**Records**
──────

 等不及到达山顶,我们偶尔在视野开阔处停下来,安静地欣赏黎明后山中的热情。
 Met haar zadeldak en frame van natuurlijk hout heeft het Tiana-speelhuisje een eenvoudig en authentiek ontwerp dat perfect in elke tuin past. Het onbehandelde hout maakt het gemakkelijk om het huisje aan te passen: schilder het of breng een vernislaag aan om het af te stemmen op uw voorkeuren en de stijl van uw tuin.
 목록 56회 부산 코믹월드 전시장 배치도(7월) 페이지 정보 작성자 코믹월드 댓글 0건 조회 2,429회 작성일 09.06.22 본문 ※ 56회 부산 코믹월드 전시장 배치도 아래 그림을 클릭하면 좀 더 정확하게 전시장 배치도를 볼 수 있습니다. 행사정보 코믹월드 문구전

──────

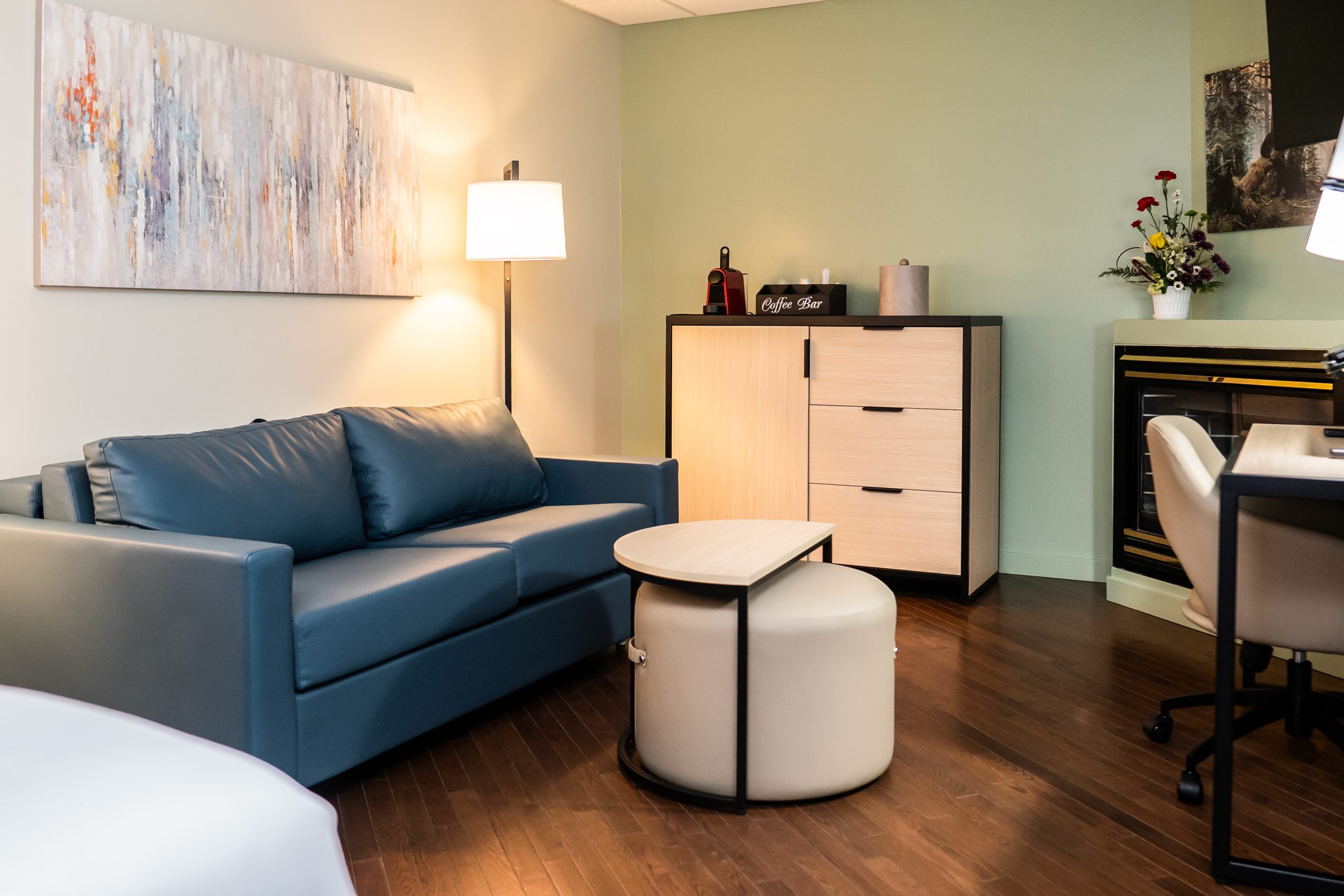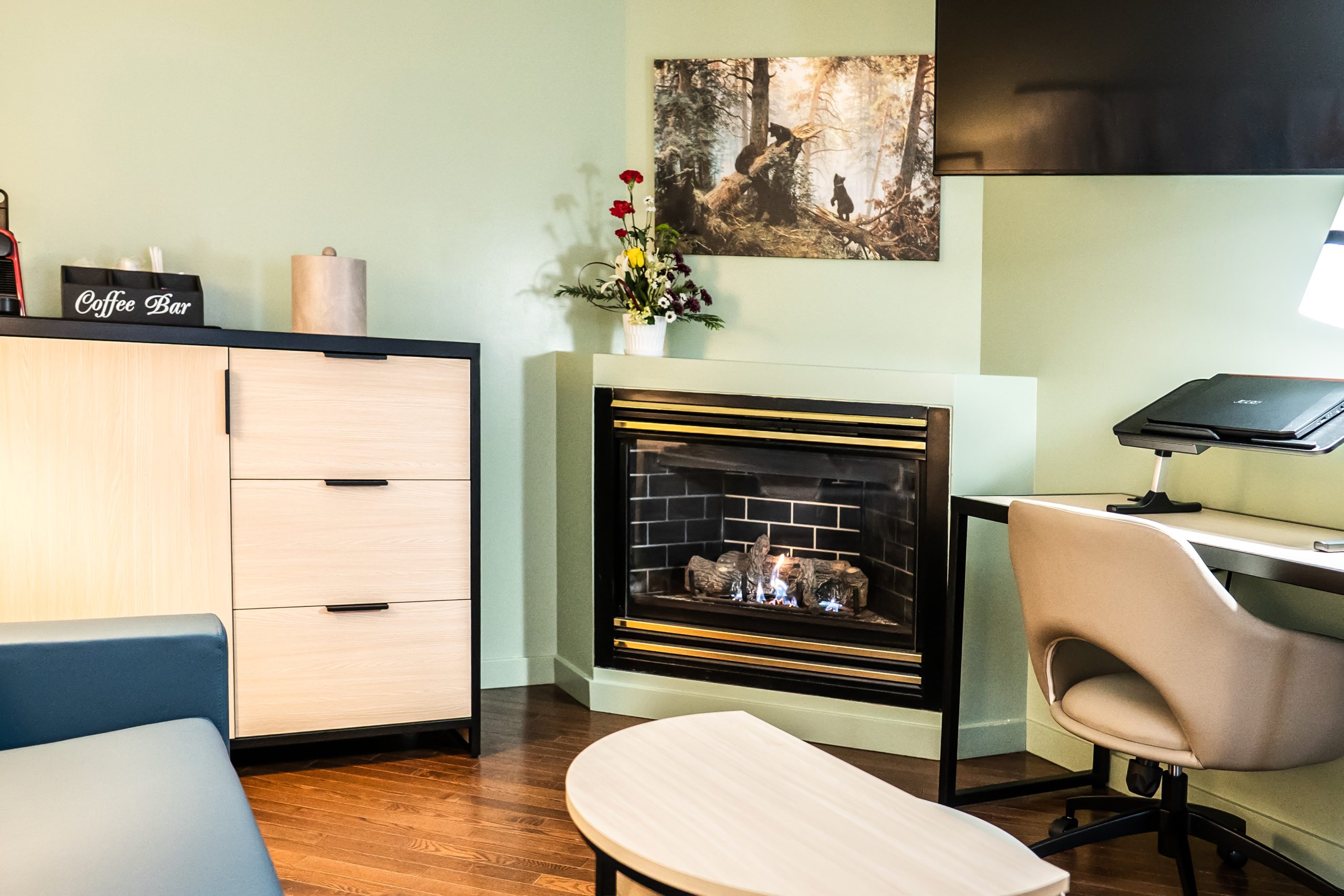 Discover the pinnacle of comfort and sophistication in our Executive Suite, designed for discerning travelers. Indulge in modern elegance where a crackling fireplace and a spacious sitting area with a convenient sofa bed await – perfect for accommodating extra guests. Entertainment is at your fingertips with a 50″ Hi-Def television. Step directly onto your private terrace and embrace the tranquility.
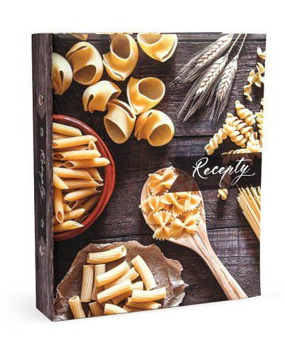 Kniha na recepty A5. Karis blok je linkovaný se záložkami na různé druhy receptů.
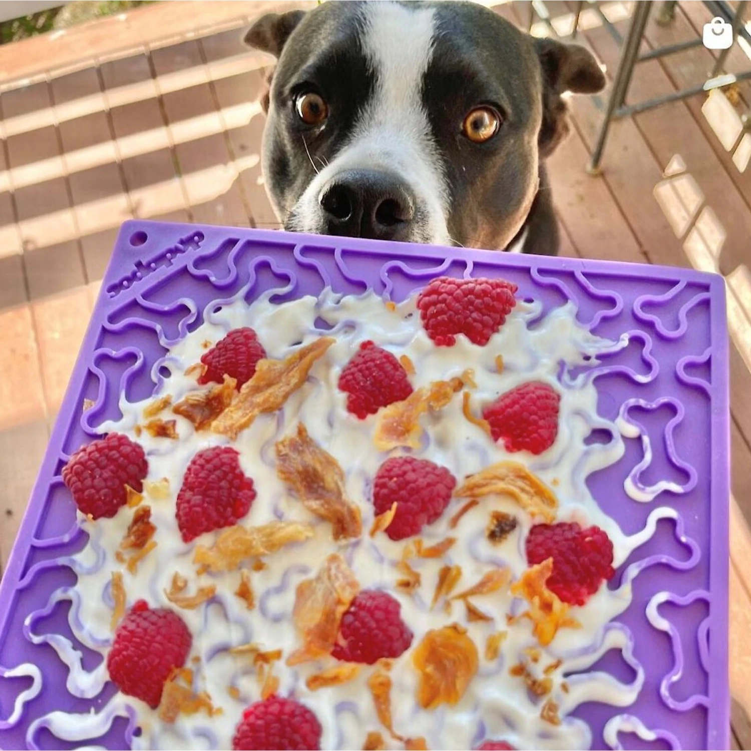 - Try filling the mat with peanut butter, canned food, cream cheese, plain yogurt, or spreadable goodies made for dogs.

──────

**Task to carry out**
Beginning at the line above that contains "Kniha na recepty", repeat each line exactly through the one that contains "- Try filling", and leave out the pictures.

**Reply to the task**
 Kniha na recepty A5. Karis blok je linkovaný se záložkami na různé druhy receptů.
 - Try filling the mat with peanut butter, canned food, cream cheese, plain yogurt, or spreadable goodies made for dogs.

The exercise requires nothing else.